GOAL OF THE EXERCISE:
Transcribe every line from the one containing "Transko晶振,TSM1" to the end of the listing, exactly as written, and leave out the pictures.

GIVEN INFORMATION:
--------------------------------------------------

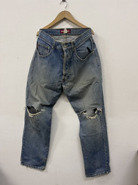 Size on tag 34r Fit 33 Manual on photo in inches Have distress,reconstruct and sign of use Shipping worldwide All sale are final
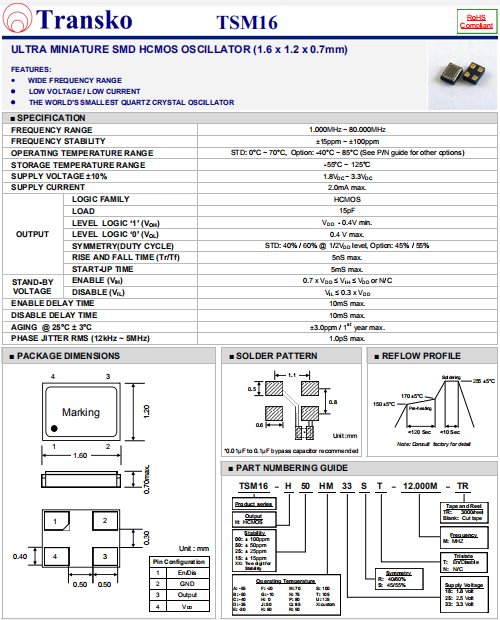 Transko晶振,TSM16晶振,高精度晶振.小體積SMD時鐘晶體振蕩器,是貼片石英晶振,兆赫頻率元件,應用于時鐘模塊,智能手機,全球定位系統(tǒng),因產(chǎn)品本身體積小,SMD編帶型,可應用于高性能自動貼片焊接,被廣泛應用到各種小巧的便攜式消費電子數(shù)碼時間產(chǎn)品,環(huán)保性能符合ROHS/無鉛標準.
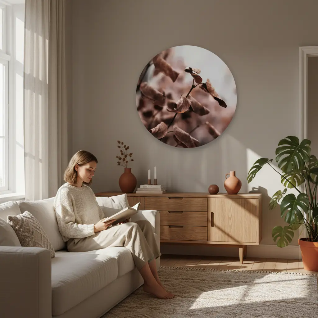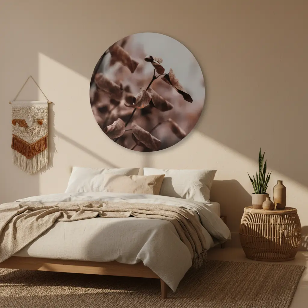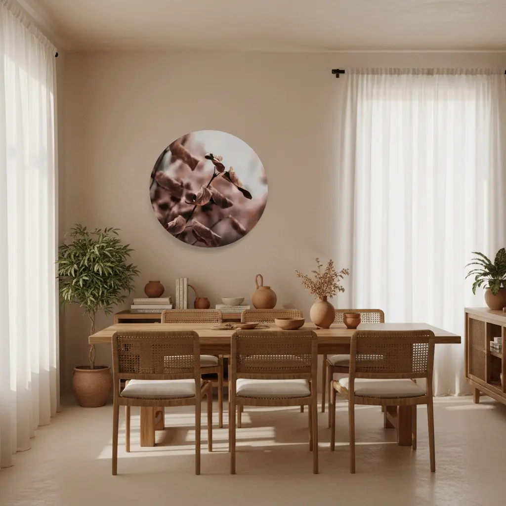 Een subtiel en elegant kunstwerk dat de zachte schoonheid van gedroogde bloemen vastlegt. Met warme beige en bruine tinten creëert dit minimalistisch ontwerp een rustgevend, natuurlijk gevoel. Perfect voor wie op zoek is naar een kunstwerk dat elegantie en organische warmte combineert.

--------------------------------------------------

RESPONSE FOR THIS EXERCISE:
 Transko晶振,TSM16晶振,高精度晶振.小體積SMD時鐘晶體振蕩器,是貼片石英晶振,兆赫頻率元件,應用于時鐘模塊,智能手機,全球定位系統(tǒng),因產(chǎn)品本身體積小,SMD編帶型,可應用于高性能自動貼片焊接,被廣泛應用到各種小巧的便攜式消費電子數(shù)碼時間產(chǎn)品,環(huán)保性能符合ROHS/無鉛標準.
 Een subtiel en elegant kunstwerk dat de zachte schoonheid van gedroogde bloemen vastlegt. Met warme beige en bruine tinten creëert dit minimalistisch ontwerp een rustgevend, natuurlijk gevoel. Perfect voor wie op zoek is naar een kunstwerk dat elegantie en organische warmte combineert.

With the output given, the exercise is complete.